This is only an opinion, and my specialism is primary not secondary - and my sons are pre-school so no experience as a parent! But, with all those caveats I would say the following:

Your son has been excluded quite late in his school life and has quite a high statement and list of issues to overcome for him to access education. Given that he will likely resist support provided in a m/s setting and will not be seen as different I personally would be focussing my sights on special school.

However, this does of course depend on the quality of the special school you are offered. Where we live we have two EBD schools and one is significantly better than the other, but is also far more expensive so hard to get a place as the council tend to name the cheaper school on children's statements.

Bearing that in mind, I would visit some schools and see what you think.

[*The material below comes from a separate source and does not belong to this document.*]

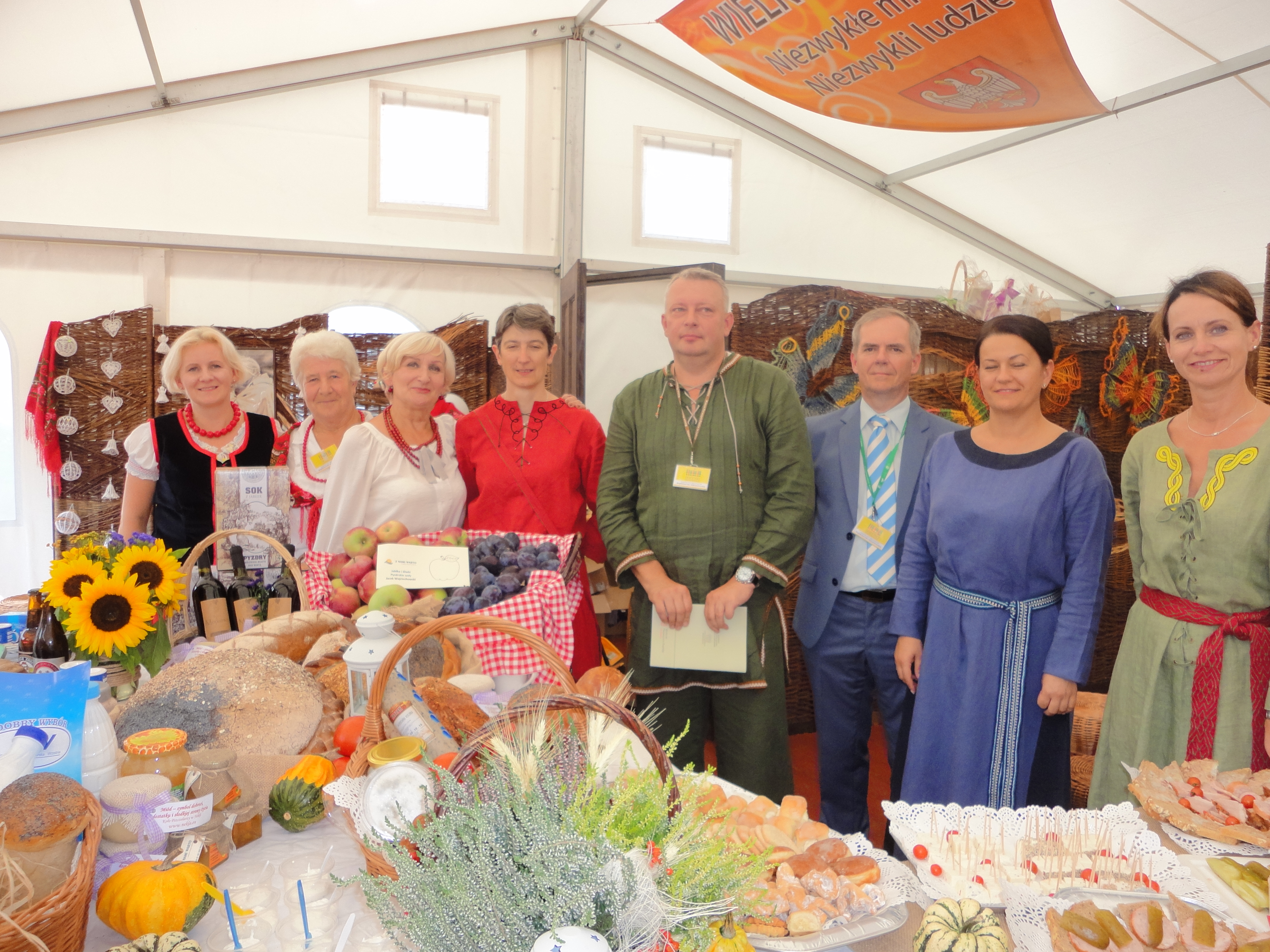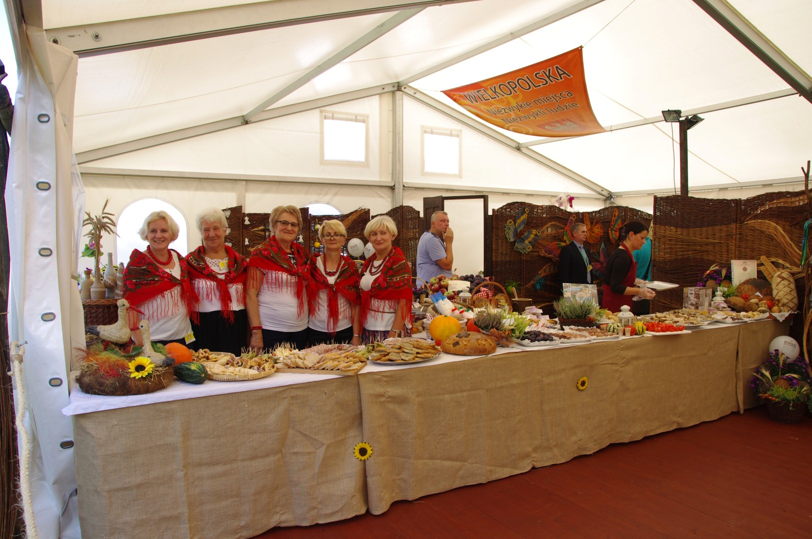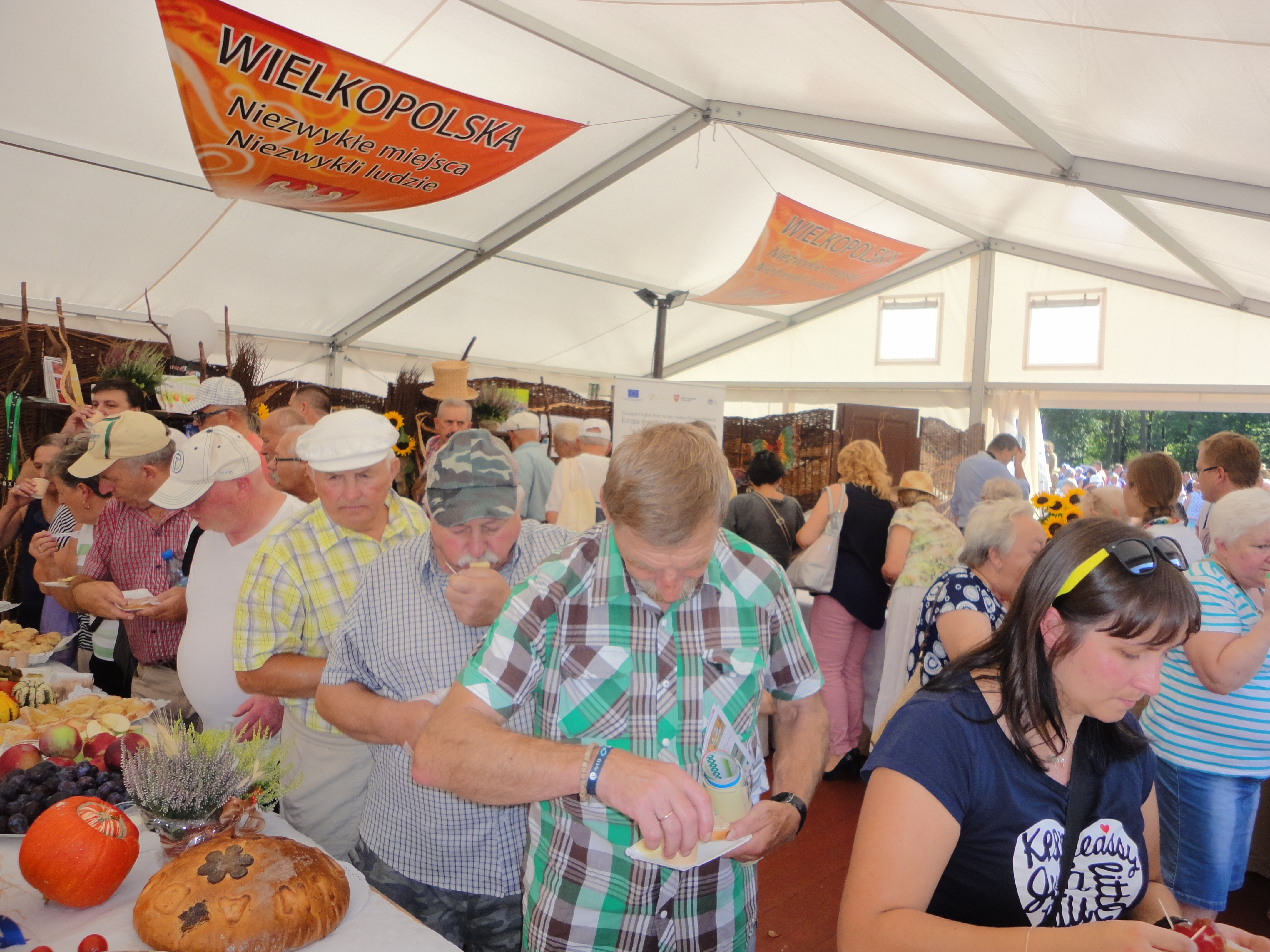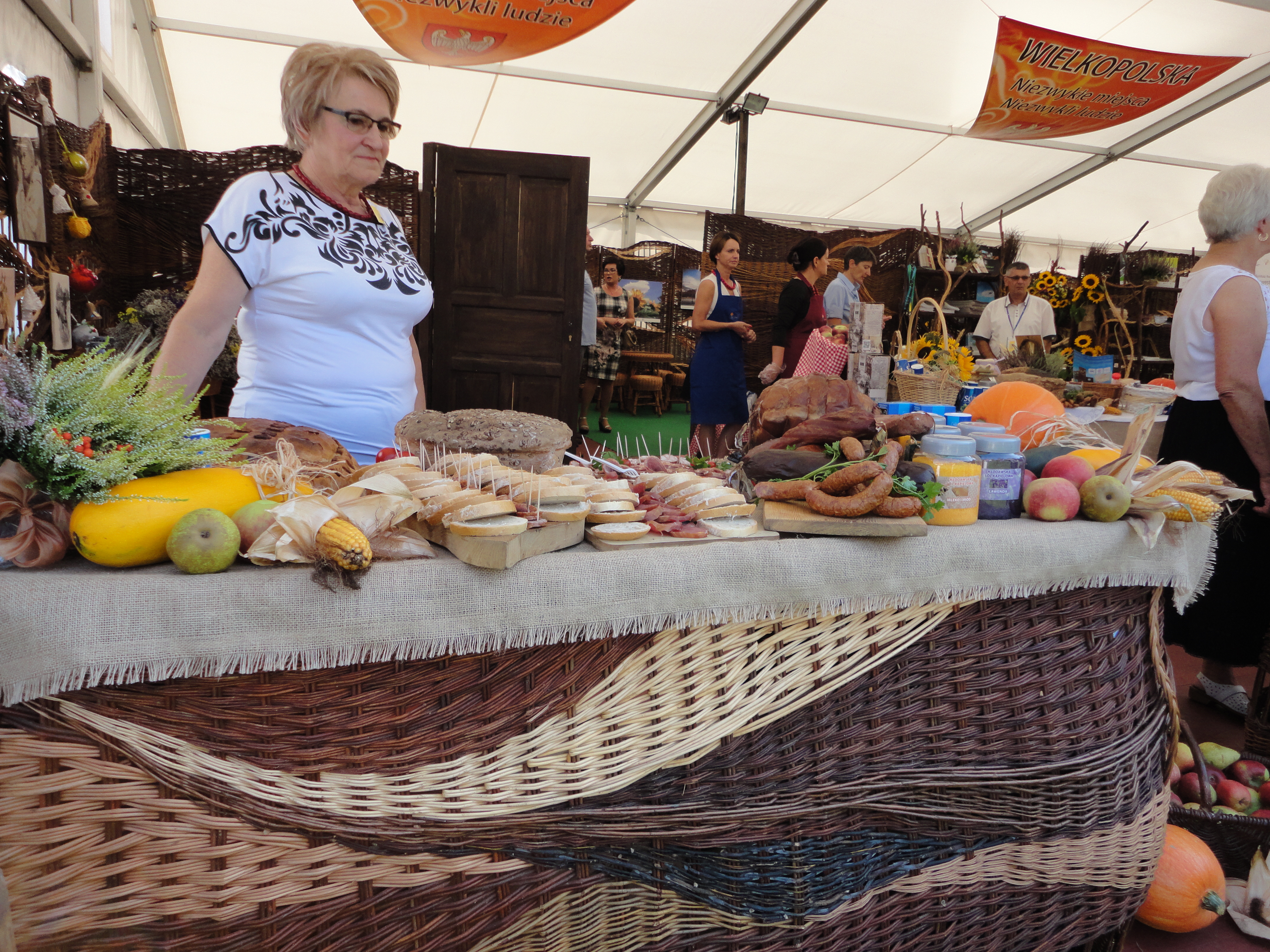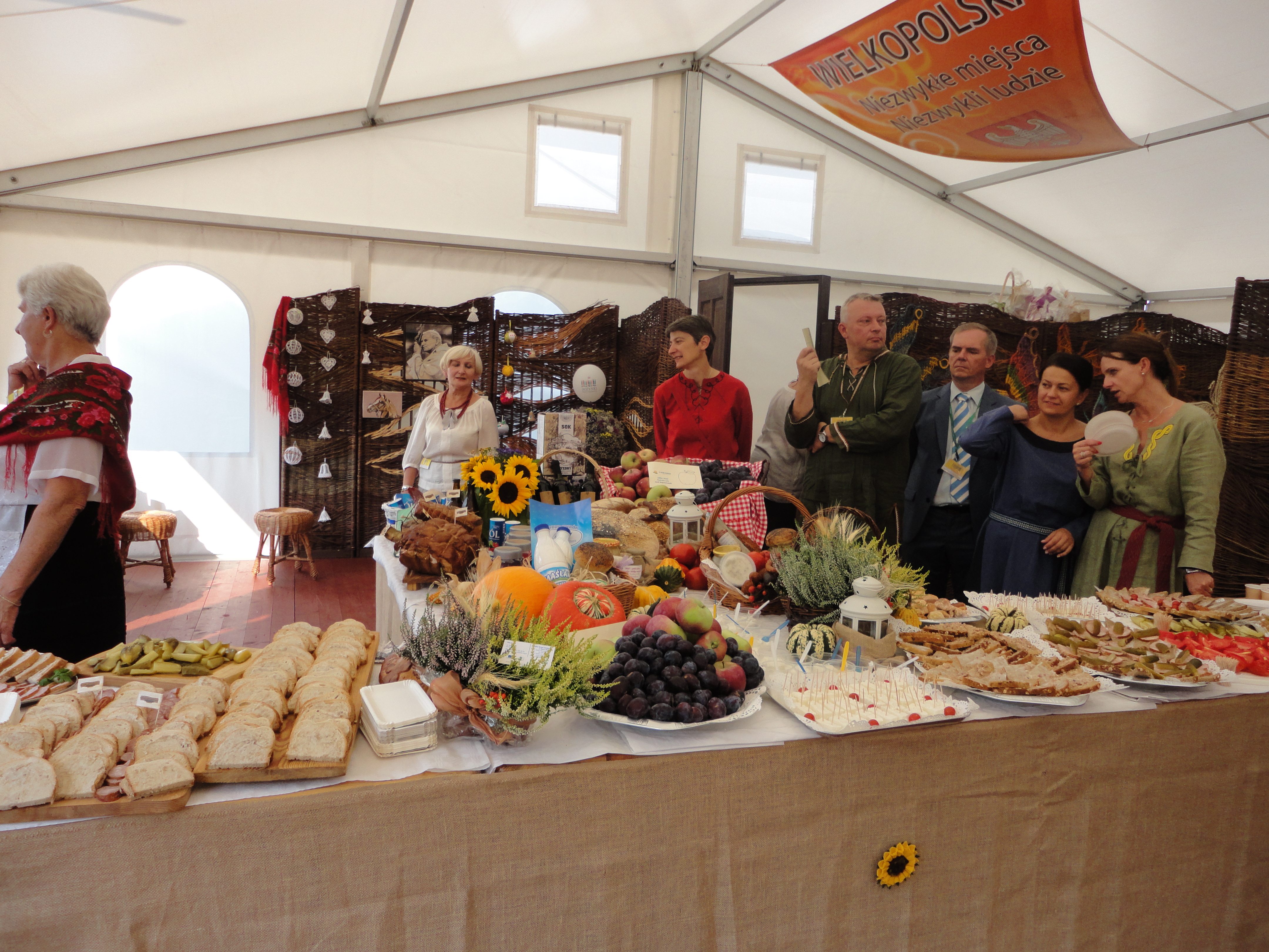 Dożynkom towarzyszyło także Miasteczko Regionów, w którym stoiska przygotowały wszystkie województwa, w tym również – wyróżniające się bogactwem smaków i ilością produktów regionalnych – województwo wielkopolskie. Na stoisku Wielkopolski nasze stowarzyszenie dzięki uprzejmości i zaangażowaniu wielu osób mogło pochwalić się dorobkiem kulturalnym i kulinarnym naszego obszaru.

Also, what does your son think? How would he feel about going to a special school?

HTH.

KnittingisbetterthanTherapy · 30/09/2010 22:37

will not want to be seen as different Blush

MamaTama · 30/09/2010 22:55

I am speaking as an ex-teacher who worked in both Special Needs & Mainstream secondary schools over a period of almost 10 years.

In my experience, the young people (usually boys) with emotional/behavioural issues who ended up in an SEN setting tailored to their needs fared better than those attending Mainstream school.

This could be for a variety of reasons, but I feel:

  • having specialised, focussed support in a place where they were not singled out as being different was beneficial;
  • it was easier for them to take on board & apply the strategies which could help them improve their conduct/try to understand what was going on for them as individuals in SEN school;
  • more emphasis given in general SEN school culture to acknowledging & dealing with feelings appropriately, in Mainstream teachers have no time/space to get to know students properly;
  • pastoral role in SEN school more developed & personalised; relationships with key adults stronger & more meaningful;
  • a lot of the time in Mainstream I witnessed adolescents with EBD either mocked/'baited' by their peers/or misbehaving even more in a misguided attempt to gain acceptance/kudos from classmates;
  • academically students generally do better if they feel secure & their individual needs are recognised/being met.

We had several students who came to the SEN school with quite serious behavioural problems (many also stemming from difficult family circumstances), but after 5 years of hard work on their part & that of the professionals who gave them input over that time they left considerably more stable & with a mature, responsible outlook which has seen them go on to achieve great things in the outside world, far beyond what they themselves would have though they were capable of when they arrived.

There is undoubtedly a stigma amongst the youth themselves about Special Schools & Special Needs but I have known quite a few young people who socialised outside of school with other kids their age in the local area. Depending on the provision in your area there are usually leisure activities aimed at engaging this age group in extra-curricular activities so whichever school you choose, it would be good to find out what's going on in the vicinity.

Good luck, I really hope my comments are helpful to you & that your son gets the support he deserves.

GoodDaysBadDays · 30/09/2010 22:57

Thanks - you followed me Smile

Have visited ms and was impressed and ds liked it but those concerns are still there.

Visiting the ss next week, there is only one in our area suitable and it has a good reputation afaik (but from experience I know reputation is not everything!) but our ep said it could be like throwing him to the wolves - underneath it all he's a good boy who wants to achieve. I just want to know what will help him do that!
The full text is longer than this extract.